◆ **AIM OF THE EXERCISE**: Please reproduce the entries below exactly, leaving the pictures out.

◆ **RECORDS**:
··········

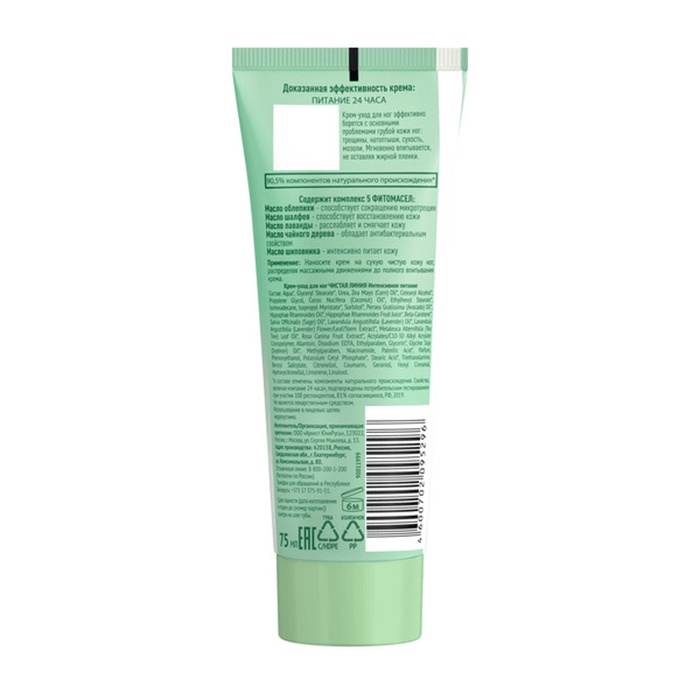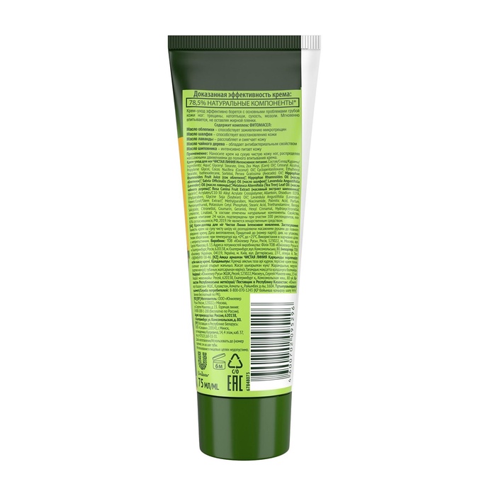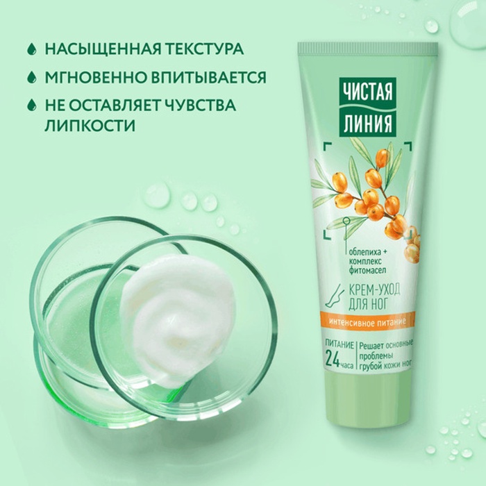 Крем-уход для ног Чистая линия «Интенсивное питание», 75 мл
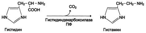 24)Образование серотонина и гистамина. Роль аминов Гистамин образуется путем декарбоксилирования гистидина в тучных клетках соединительной ткани Гистамин образует комплекс с белками и сохраняется в секреторных гранулах тучных клеток. Секретируется в кровь при повреждении ткани (удар, ожог, воздействие эндо- и экзогенных веществ), развитии иммунных и аллергических реакций. Гистамин выполняет в организме человека следующие функции:
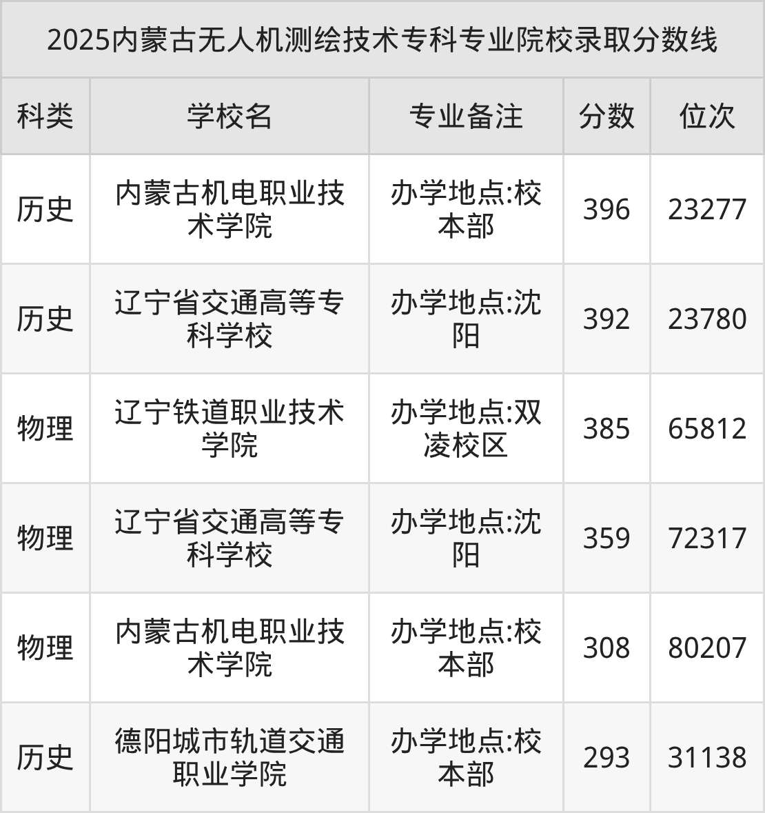 2025年內(nèi)蒙古無人機(jī)測繪技術(shù)分?jǐn)?shù)線排名前5的大學(xué)名單(??谱铍y報考):
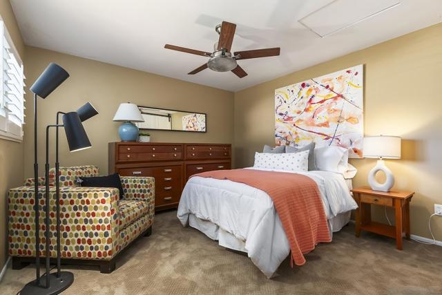 Conveniently located for commuters, this beautifully remodeled 3 bedroom, 2 bath end-unit townhome. Primary on the main level.Highly sought-after Villa Monterey community offers both accessibility & serenity. The surprisingly quiet interior benefits from upgraded dual-pane windows that minimize outside noise and create a peaceful retreat. Beautiful canyon views are right outside your windows. The custom patio deck is in a category of its own made from environmentally friendly engineered bamboo. The living area, kitchen, and primary bedroom each open through plantation shutters which are throughout the home. Step inside to discover bright, cheerful spaces ready for your personal touch. The open-concept floor plan, 36-inch wide doorway to the first-floor primary suite and bathroom, and spacious layout ensure easy accessibility throughout. The custom kitchen is a standout, featuring natural stone counters, updated lighting, and premium appliances: Viking gas cooktop, Dacor electric oven, Bosch dishwasher, travertine farm sink, built-in KitchenAid refrigerator, microwave, and pot filler — all framed by elegant Taj Mahal quartzite countertops. The primary suite offers vaulted ceilings, a skylight for stargazing, and a walk-in closet. Both bathrooms have been fully remodeled with marble, granite, subway tile, and custom glass doors. Additional highlights include a separate den or office, full-size laundry/utility room, newer interior doors, recessed lighting. A two-car detached garage provides abundant storage, and the community even offers on-site RV parking for $100 per month!
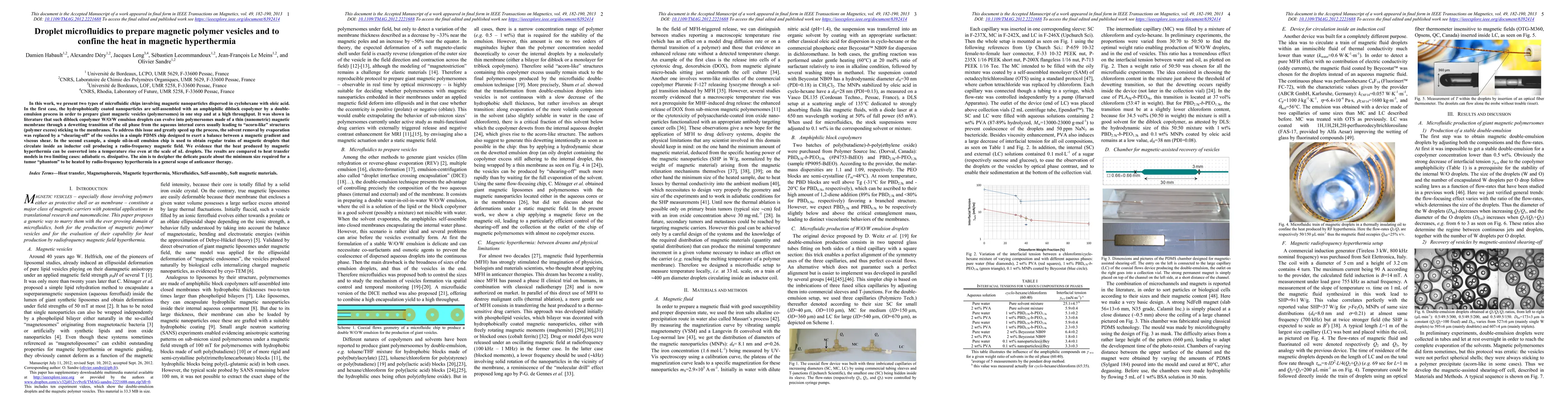 In this work, we present two types of microfluidic chips involving magnetic nanoparticles dispersed in cyclohexane with oleic acid. In the first case, the hydrophobically coated nanoparticles are self-assembled with an amphiphilic diblock copolymer by a double-emulsion process in order to prepare giant magnetic vesicles (polymersomes) in one step and at a high throughput. It was shown in literature that such diblock copolymer W/O/W emulsion droplets can evolve into polymersomes made of a thin (nanometric) magnetic membrane through a dewetting transition of the oil phase from the aqueous internal cores usually leading to "acorn-like" structures (polymer excess) sticking to the membranes. To address this issue and greatly speed up the process, the solvent removal by evaporation was replaced by a "shearing-off" of the vesicles in a simple PDMS chip designed to exert a balance between a magnetic gradient and viscous shear. In the second example, a simple oil-in-oil emulsion chip is used to obtain regular trains of magnetic droplets that circulate inside an inductor coil producing a radio-frequency magnetic field. We evidence that the heat produced by magnetic hyperthermia can be converted into a temperature rise even at the scale of nL droplets. The results are compared to heat transfer models in two limiting cases: adiabatic vs. dissipative. The aim is to decipher the delicate puzzle about the minimum size required for a tumor "phantom" to be heated by radio-frequency hyperthermia in a general scope of anticancer therapy.

··········

◆ **TASK OUTPUT**:
 Крем-уход для ног Чистая линия «Интенсивное питание», 75 мл
 24)Образование серотонина и гистамина. Роль аминов Гистамин образуется путем декарбоксилирования гистидина в тучных клетках соединительной ткани Гистамин образует комплекс с белками и сохраняется в секреторных гранулах тучных клеток. Секретируется в кровь при повреждении ткани (удар, ожог, воздействие эндо- и экзогенных веществ), развитии иммунных и аллергических реакций. Гистамин выполняет в организме человека следующие функции:
 2025年內(nèi)蒙古無人機(jī)測繪技術(shù)分?jǐn)?shù)線排名前5的大學(xué)名單(??谱铍y報考):
 Conveniently located for commuters, this beautifully remodeled 3 bedroom, 2 bath end-unit townhome. Primary on the main level.Highly sought-after Villa Monterey community offers both accessibility & serenity. The surprisingly quiet interior benefits from upgraded dual-pane windows that minimize outside noise and create a peaceful retreat. Beautiful canyon views are right outside your windows. The custom patio deck is in a category of its own made from environmentally friendly engineered bamboo. The living area, kitchen, and primary bedroom each open through plantation shutters which are throughout the home. Step inside to discover bright, cheerful spaces ready for your personal touch. The open-concept floor plan, 36-inch wide doorway to the first-floor primary suite and bathroom, and spacious layout ensure easy accessibility throughout. The custom kitchen is a standout, featuring natural stone counters, updated lighting, and premium appliances: Viking gas cooktop, Dacor electric oven, Bosch dishwasher, travertine farm sink, built-in KitchenAid refrigerator, microwave, and pot filler — all framed by elegant Taj Mahal quartzite countertops. The primary suite offers vaulted ceilings, a skylight for stargazing, and a walk-in closet. Both bathrooms have been fully remodeled with marble, granite, subway tile, and custom glass doors. Additional highlights include a separate den or office, full-size laundry/utility room, newer interior doors, recessed lighting. A two-car detached garage provides abundant storage, and the community even offers on-site RV parking for $100 per month!
 In this work, we present two types of microfluidic chips involving magnetic nanoparticles dispersed in cyclohexane with oleic acid. In the first case, the hydrophobically coated nanoparticles are self-assembled with an amphiphilic diblock copolymer by a double-emulsion process in order to prepare giant magnetic vesicles (polymersomes) in one step and at a high throughput. It was shown in literature that such diblock copolymer W/O/W emulsion droplets can evolve into polymersomes made of a thin (nanometric) magnetic membrane through a dewetting transition of the oil phase from the aqueous internal cores usually leading to "acorn-like" structures (polymer excess) sticking to the membranes. To address this issue and greatly speed up the process, the solvent removal by evaporation was replaced by a "shearing-off" of the vesicles in a simple PDMS chip designed to exert a balance between a magnetic gradient and viscous shear. In the second example, a simple oil-in-oil emulsion chip is used to obtain regular trains of magnetic droplets that circulate inside an inductor coil producing a radio-frequency magnetic field. We evidence that the heat produced by magnetic hyperthermia can be converted into a temperature rise even at the scale of nL droplets. The results are compared to heat transfer models in two limiting cases: adiabatic vs. dissipative. The aim is to decipher the delicate puzzle about the minimum size required for a tumor "phantom" to be heated by radio-frequency hyperthermia in a general scope of anticancer therapy.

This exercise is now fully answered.